Unfortunately, reported levels in groundwater could be grossly inaccurate as most of the chemicals are still migrating through the soil, according to Bo Guo assistant professor of hydrology and atmospheric sciences at the University of Arizona.
In a recent study published in the journal Water Resources Research, Guo and his co-workers, Jicai Zeng and Mark Brusseau, developed a mathematical model to study how these chemical migrate through the soil, specifically through in an area called the vadose zone, which is the soil between the surface and groundwater.
A number of previously published studies have identified the vadose zone as a “source zone” of PFAS, trapping them before they could move into the groundwater.
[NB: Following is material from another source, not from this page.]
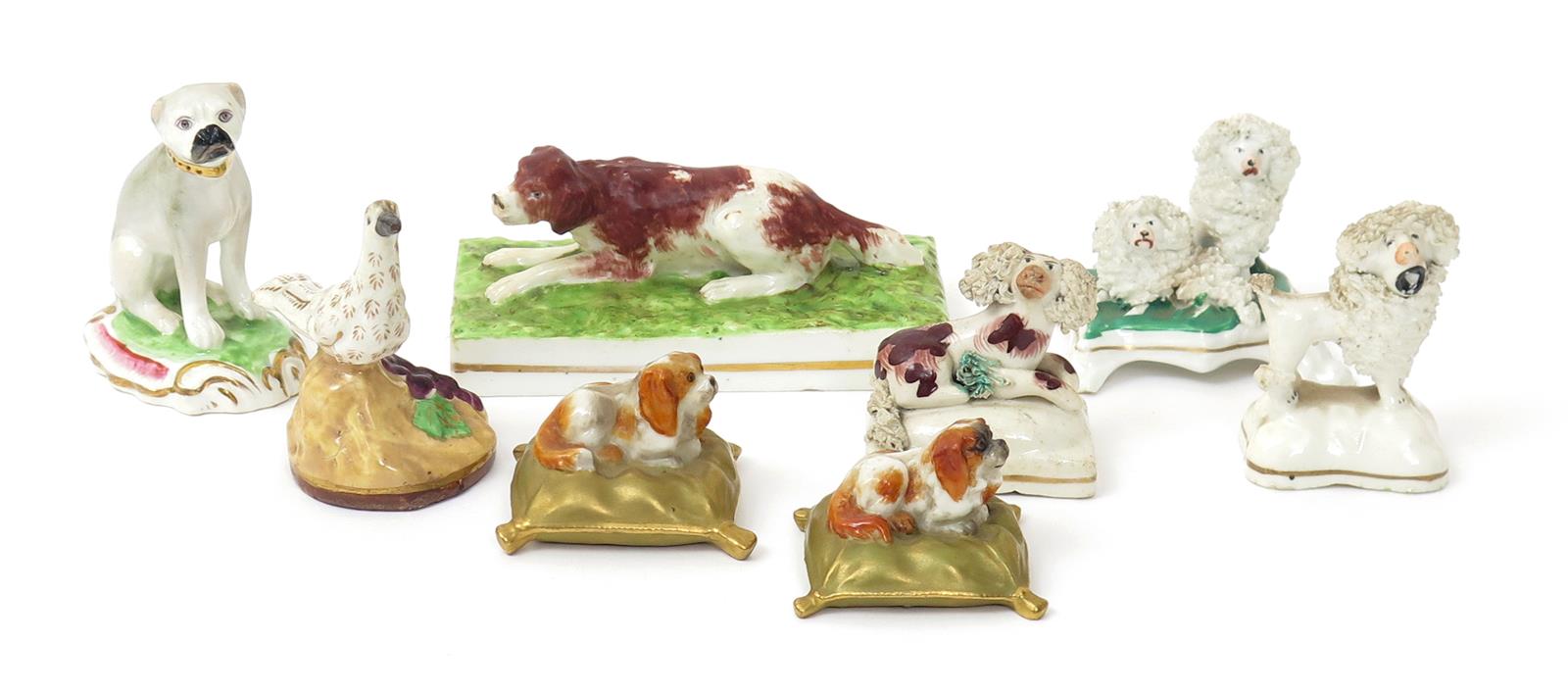 Seven small English porcelain figures of dogs most 1st half 19th century, three of poodles, one of a seated pug, one of a setter, recumbent on a rectangular base, and two Royal Worcester figures of Cavalier spaniels on tasselled cushions, together with a Staffordshire porcelain model of a bird beside a bunch of grapes, minor faults, 10.7cm max. (8)

But how this was happening was poorly understood, until now.
The study tracked the movement of perfluorooctanesulfonic acid (PFOS) — a PFAS used in fire retardants used regularly in drills — and covered a wide range of conditions including different media (sand vs. soil), concentrations, and climates (humid vs. semiarid). Using their new model, Guo, Brusseau, and Zeng were able to determine that PFAS retention was occurring as a result of air and water trapped in the soil in vadose region; here, water and air form interfaces that adsorb these chemicals, allowing them to accumulate over time and enter ground water in a slow-release manner.
“This means that the majority of PFAS are still in the soil, and they are migrating down slowly in a way similar to a ticking time bomb,” said Guo. According to the conditions simulated in the study using PFOS, it could take decades or longer to reach the groundwater table at 5m below the land surface.
“This has big implications for focusing remediation,” continued Guo. “So far, groundwater has been the focus, but should we actually focus on soil, which is where most of the PFAS are and will be for a long time? Or do we wait and remediate the groundwater for decades or centuries?”
“One of our objectives in the future would be to apply the model to different sites,” said Brusseau. “Then hopefully it will be useful for policy makers, regulators, and environmental consultants to do assessments.”
Researcher article found at: B. Guo, J. Zeng, M.L. Brusseau, Water Resources Research, 2020, doi.org/10.1029/2019WR026667
This article was corrected on February 14, 2020, to correct the spelling of Bo Guo’s name.